Declan O'Meara

Personal information
- Born: 1964 (age 61–62) Toomevara, County Tipperary, Ireland
- Occupation: Carpenter

Sport
- Sport: Hurling
- Position: Left corner-back

Club
- Years: Club
- Toomevara

Club titles
- Tipperary titles: 3
- Munster titles: 1
- All-Ireland Titles: 0

Inter-county
- Years: County / Apps (scores)
- 1993: Tipperary / 0 (0-00)

Inter-county titles
- Munster titles: 1
- All-Irelands: 0
- NHL: 0
- All Stars: 0

= Declan O'Meara =

Irish hurler (born 1970)

Declan O'Meara (born 1970) is an Irish former hurler.
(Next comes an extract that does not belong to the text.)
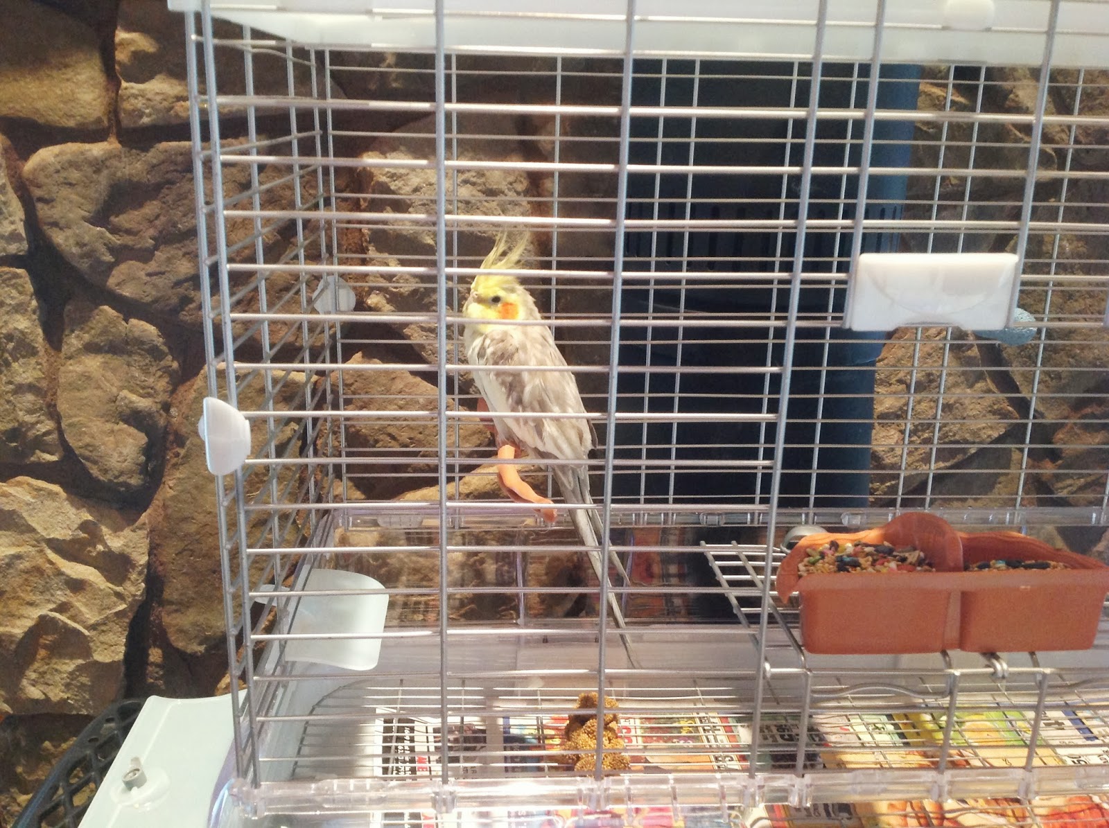 A 2 year old cockatiel and the newest addition to the family. Skittish and a bit noisy, likes to imitate smoke alarms rather than songs, but a good traveler in our RV, hoping that trait translates to a boat... Can you get a gambled bird cage? Hmmm.

At club level he played with Toomevara, and also lined out at inter-county level with various Tipperary teams.

==Career==

O'Meara first played hurling at juvenile and underage levels with the Toomevara club, winning numerous championship titles from under-12 up to under-21 level. He later won three successive Tipperary SHC medals from 1992 to 1994. The second of these victories was later converted into a Munster Club SHC title, before later losing the 1994 All-Ireland club final to Sarsfields.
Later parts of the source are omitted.